Of course, you might stop to consider whether you feel comfortable trusting Equifax with these responsibilities, considering the massive breach that took place on their watch…
2. Freeze your credit through the three credit reporting bureaus. (The New York Times also suggested freezing your credit with Innovis.) A credit freeze doesn’t stop someone from charging anything to your existing accounts, but it does make it more difficult for anyone to use your name to open new accounts. Freezing your credit prevents third parties from accessing your credit file (unless it’s a company you already do business with, such as your mortgage lender) until you remove the freeze, either temporarily or permanently. Yesterday, Equifax announced that for 30 days it will waive its fees to freeze credit files — but only after many people complained. For information on how you may be charged for a credit freeze (outside of this specific situation), check this updated chart of state credit-freeze laws. (It usually costs $5–$10.)
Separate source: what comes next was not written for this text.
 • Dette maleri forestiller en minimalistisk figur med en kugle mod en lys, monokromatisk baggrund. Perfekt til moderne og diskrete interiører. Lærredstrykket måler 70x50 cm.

3. If you don’t want to freeze your credit (even though identity-theft experts recommend doing so), place a fraud alert on your credit files. Creditors will be notified that you are a potential victim of identity theft and will take care to verify your identity by contacting you directly before they open a loan or establish other credit in your name. A fraud alert lasts 90 days, but you can extend it. In an article at Bankrate, Robert Siciliano, CEO of IDTheftSecurity.com, said, “Everyone should assume their information has been compromised,” either through this data breach or those that have affected other companies — so at the very least, you should request these alerts.
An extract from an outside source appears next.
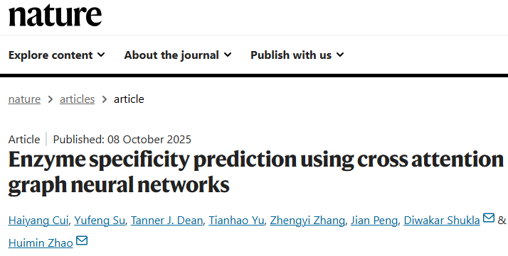 Cui, H., Su, Y., Dean, T.J. et al. Enzyme specificity prediction using cross attention graph neural networks. Nature (2025).
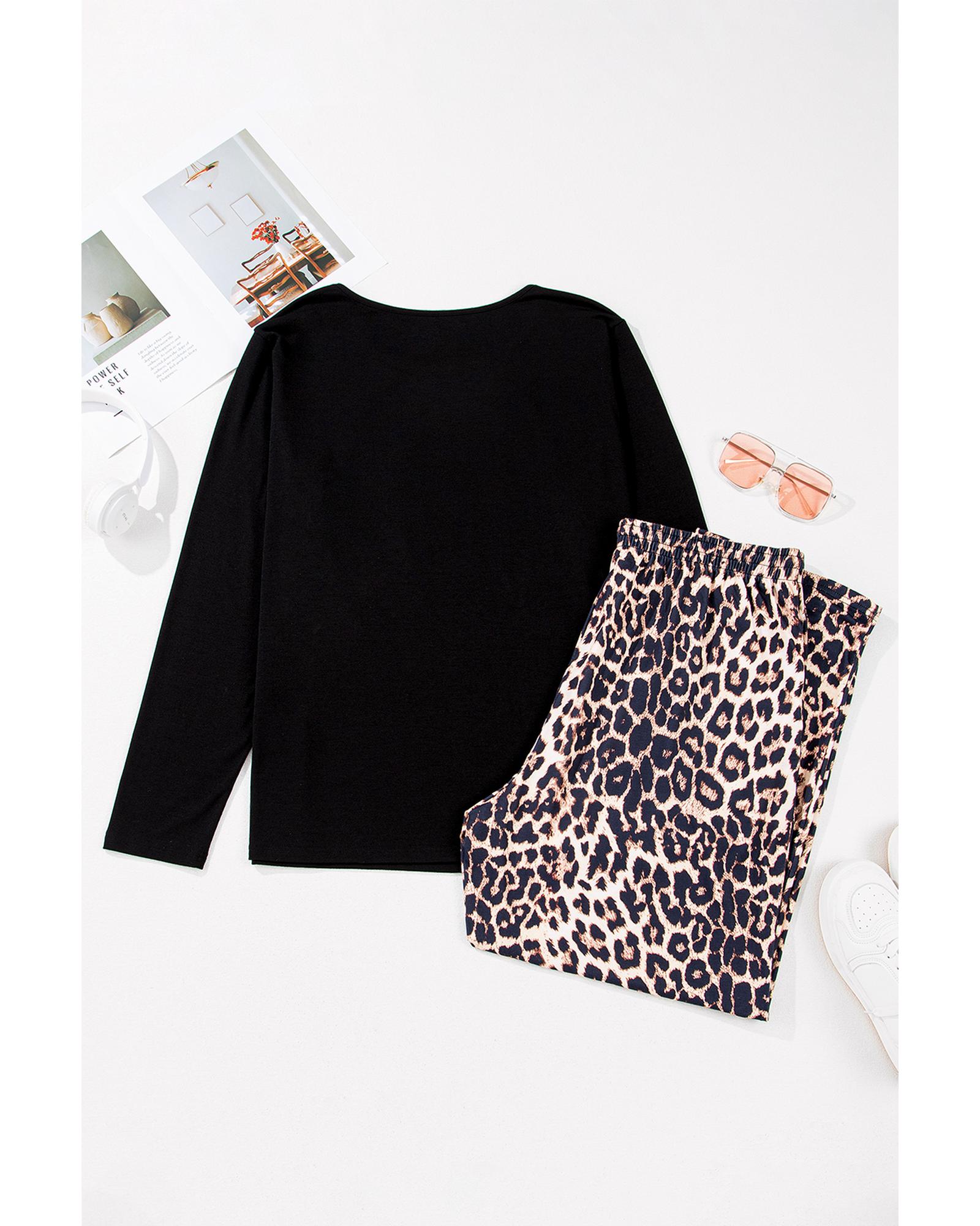 Black Leopard Patched Pocket Long Sleeve Top Plus Size Pants Set – 4X

4. Keep an eye on your credit report, bank accounts, and credit card, as well as email and snail mail. Remember, you can access your credit report for free every 12 months from Equifax, Experian, and TransUnion by visiting www.annualcreditreport.com. (You should get your credit reports from this site only — not from one of its imitators — and make sure to type in the URL in your browser rather than click a link from another site or an email. To be extra careful, that’s a smart thing to do for any financial site.) Some credit cards offer quick, free access to your FICO score, so check if yours is one of them. Another strategy: Even before the Equifax breach, I set up text alerts for one of my credit cards — every time my card is used to pay for something when I’m not there in person, I get a notification. Also, don’t wait until April 18, 2018, to file your 2017 taxes — do so as soon as you receive the documents and information you need. That way, you can get ahead of any potential scammers who plan to use your SSN to get a refund.
5. Do your research before signing up for a non-Equifax credit monitoring or identify monitoring service. (Of course, unlike with TrustedID, you’ll have to pay.) This may be a subject for a separate post, so for now, here’s some info from other sites: The Simple Dollar reviewed what it says are the best three services, IdentityForce, LifeLock, and ID Watchdog, while some in the know have said this kind of protection isn’t really worth the money, considering the free monitoring you can do on your own (see: The Motley Fool, Time, Wired).
Have you been wondering how to protect your credit after the Equifax data breach? Have you checked whether your personal information may have been compromised, and have you decided whether or not to freeze your credit and/or enroll in Equifax’s free service? Have you been a victim of identity theft in the past? What were the consequences, and how did you handle it?
- CNN has fact-checked six common rumors about the security breach.
- Los Angeles Times reporter Michael Hiltzik wrote a column called, “Here are all the ways the Equifax data breach is worse than you can imagine,” that points out some aspects of the breach you might not know about. (Ignore the outdated portion that says those who enroll in TrustedID won’t be able to sue.)
- A very thorough NYT column by Ron Lieber offers a lot of valuable information and includes questions he’s asked Equifax that have yet to be answered.